France-Guyane : Pourquoi ce projet fut-il mis en place ?
Jean-Jacques de Granville : Nous n’avions aucun ouvrage complet qui recensait la flore guyanaise. Les seuls qui existaient dataient du 19e siècle. En 1984, plusieurs instituts internationaux, sous l’égide de l’Université hollandaise d’Utrecht, se sont réunis pour faire un recensement complet des espèces végétales, plantes ornementales, alimentaires, arbres, fougères… que comptent les trois Guyanes : Le Guyana, le Surinam et la Guyane française.
§ France-Guyane : Comment se déroule la coopération ?
Jean-Jacques de Granville : Nous nous réunissons tous les deux ans dans diverses villes. Nous faisons alors un point sur le recensement et la classification des espèces, sur les recherches entreprises, etc.

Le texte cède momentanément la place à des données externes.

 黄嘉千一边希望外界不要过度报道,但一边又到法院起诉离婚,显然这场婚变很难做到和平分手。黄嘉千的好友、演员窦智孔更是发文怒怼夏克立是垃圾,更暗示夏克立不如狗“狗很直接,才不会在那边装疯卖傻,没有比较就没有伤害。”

Nous éditons également plusieurs fascicules recensant les espèces nouvellement décrite. Dans quelques jours, le deuxième des trois tomes du livre (en langue anglaise) : « Guides des plantes vasculaires du centre de la Guyane française » sera disponible. Réalisé par Scott A. Mori, du Jardin Botanique de New-York, il établit une flore complète de notre région.
§ France-Guyane : Comment avance le projet ?

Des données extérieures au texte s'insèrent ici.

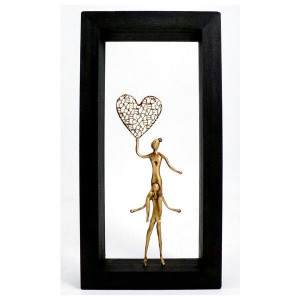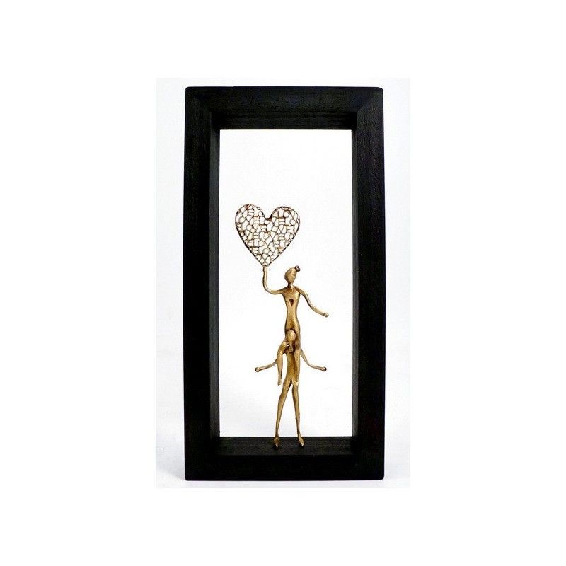 Cette sculpture en bronze entourée d'un cadre noir en bois, est une création unique et originale de l'artiste grec Georges Roumanas. Elle représente un homme portant une femme sur ses épaules alors que celle-ci tient un grand coeur dans sa main.

Jean-Jacques de Granville : Cela avance lentement. Nous n’avons pour l’instant publié qu’un tiers des famille présentes en Guyane.
Mais ces ouvrages et ces recherches ont pour but de mieux connaître notre environnement afin de le protéger et l’aménager dans les meilleurs conditions de préservation de la flore et de la faune de la Guyane.